In EAs, the assignment accuracy by LBM exceeded 99% using the most efficient marker FY, and reached perfect assignment accuracy using the 10 most efficient markers excluding FY. In AAs, the assignment accuracy reached 96.4% using FY, and >95% when using at least the 9 most efficient markers. The comparison of the observed and reference allele frequencies (which were derived from previous publications and public databases) shows that allele frequencies observed in EAs matched the reference group more accurately than allele frequencies observed in AAs. As a result, the LBM performed better in EAs than AAs, as might be expected given the dependence of LBMs on prior knowledge of allele frequencies. Performance was not dependent on sample size.
The performance of the LBM depends on the efficiency and number of markers, and depends greatly on how representative the available reference allele frequencies are for those of the population being assigned. This method is of value when the parental population is known and relevant allele frequencies are available.

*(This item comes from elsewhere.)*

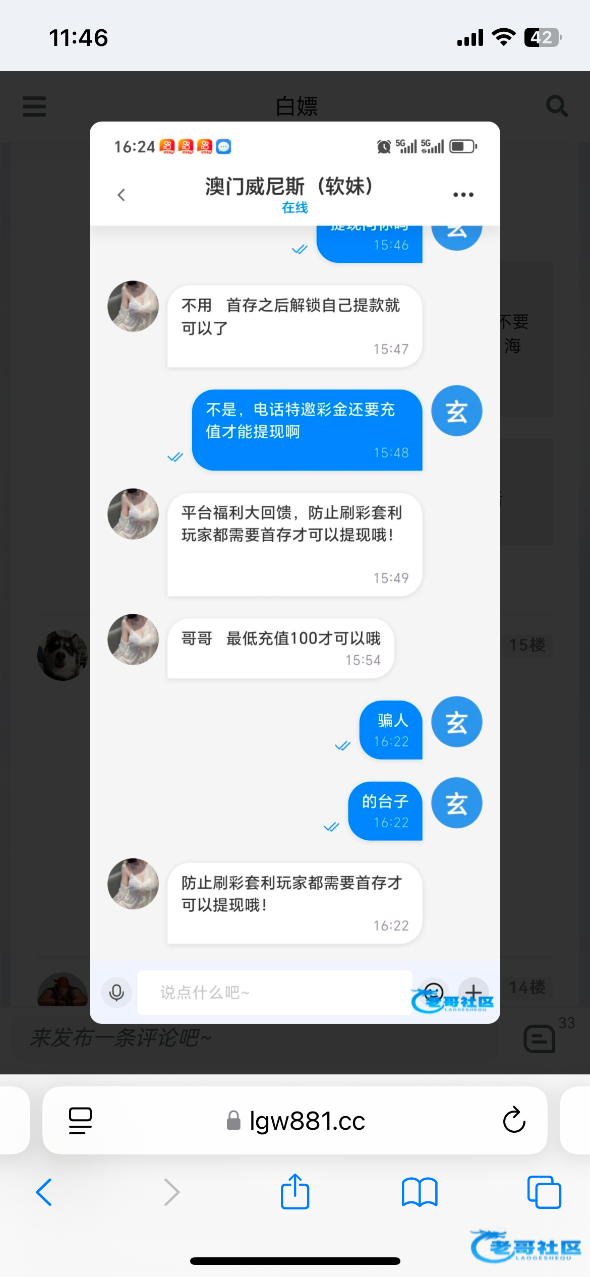 看论坛还有被黑的,自己充值玩的赢了各种理由,要充值一百才能开启提现通道,首存过了,补也不行了要在充值190打一倍流水,第一次碰见充值玩的赢了要开启提现通道的,一说把消息全清了

Population stratification is a crucial issue in conducting genetic association studies, in particular, for case-control study designs, such that if it is not accounted for study results could be invalid – either false positive or false negative . Methods to address the issue have been proposed [2–17]. Before using these methods, an informative set of markers is necessary; this is known as a set of ancestry informative markers (AIMs). In this study, we implemented a likelihood based method (LBM), as an alternative to popular Bayesian methods such as that implemented in STRUCTURE [3, 13], and used it to evaluate the informativeness of a selected marker panel and to assess potential for stratification in a sample of European Americans (EAs) and African Americans (AAs) that are known to be admixed.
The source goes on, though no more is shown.